Man if you can, I fully recommend a Power Master starter. I own 2, one on a v10 F250 and one on my engine swapped f350. Both have been amazingly reliable and powerful.
Powermaster 9053 Powermaster Ultra Duty Diesel Starters | Summit Racing
 
Last edited:
I would go a different route but I got this starter warrantied out..... And it looks like it's a short time. I put the positive cable/trigger wire combo back in the truck, checked the battery, the connections. Hit the trigger wire with 12V, arced with no response from the starter. I got a broom stick and beat the **** out of the cap over the contactor and the POS cranked. Starter crank d over ONE TIME and the contacts **** the bed.

I drove it to see if the battery was doing something stupid after heat soak. Got back the the house. It cranked 25 times total without fail. I don't know what that **** was about.
I have made myself upset that they gave me a reman starter to warranty out a new starter, but that's typical in the parts world and free is free. I just don't get how the new starter did the same thing as the one I took off after cranking once.
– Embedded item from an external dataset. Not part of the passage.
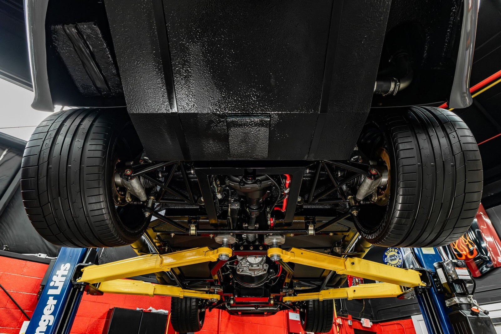 Under the forward-opening hood sits a 427ci Stroker V8 Engine with a Quick Fuel Four Barrel Carburetor Setup making 500Hp. Power is sent to the Road through a Tremec 5 Speed Manual Transmission and an independent 8.8 Rear End with 3.55:1 Gear Ratio! Additional features include, Manual Steering, Power Brakes, Electric Cooling Fans, and a Hydraulic Clutch! The underside of this '65 looks brand new like the rest of the car! Take a look underneath to see the Low Mileage Condition of the Painted Frame, Removable Transmission Crossmember, Black Painted Fuel Tank, and Explosion Proof Bell Housing.

Sent from my motorola one 5G using Tapatalk
 
I would go a different route but I got this starter warrantied out..... And it looks like it's a short time. I put the positive cable/trigger wire combo back in the truck, checked the battery, the connections. Hit the trigger wire with 12V, arced with no response from the starter. I got a broom stick and beat the **** out of the cap over the contactor and the POS cranked. Starter crank d over ONE TIME and the contacts **** the bed.

I drove it to see if the battery was doing something stupid after heat soak. Got back the the house. It cranked 25 times total without fail. I don't know what that **** was about.
I have made myself upset that they gave me a reman starter to warranty out a new starter, but that's typical in the parts world and free is free. I just don't get how the new starter did the same thing as the one I took off after cranking once.

Sent from my motorola one 5G using Tapatalk

I don't understand it either, when I worked at the ford dealer, even brand new from ford there were parts that were bad from the box. Hell, one time advanced auto gave me 4 different alternators for my Vic before getting one that worked in there parking lot. Sadly just the way the world is sometimes.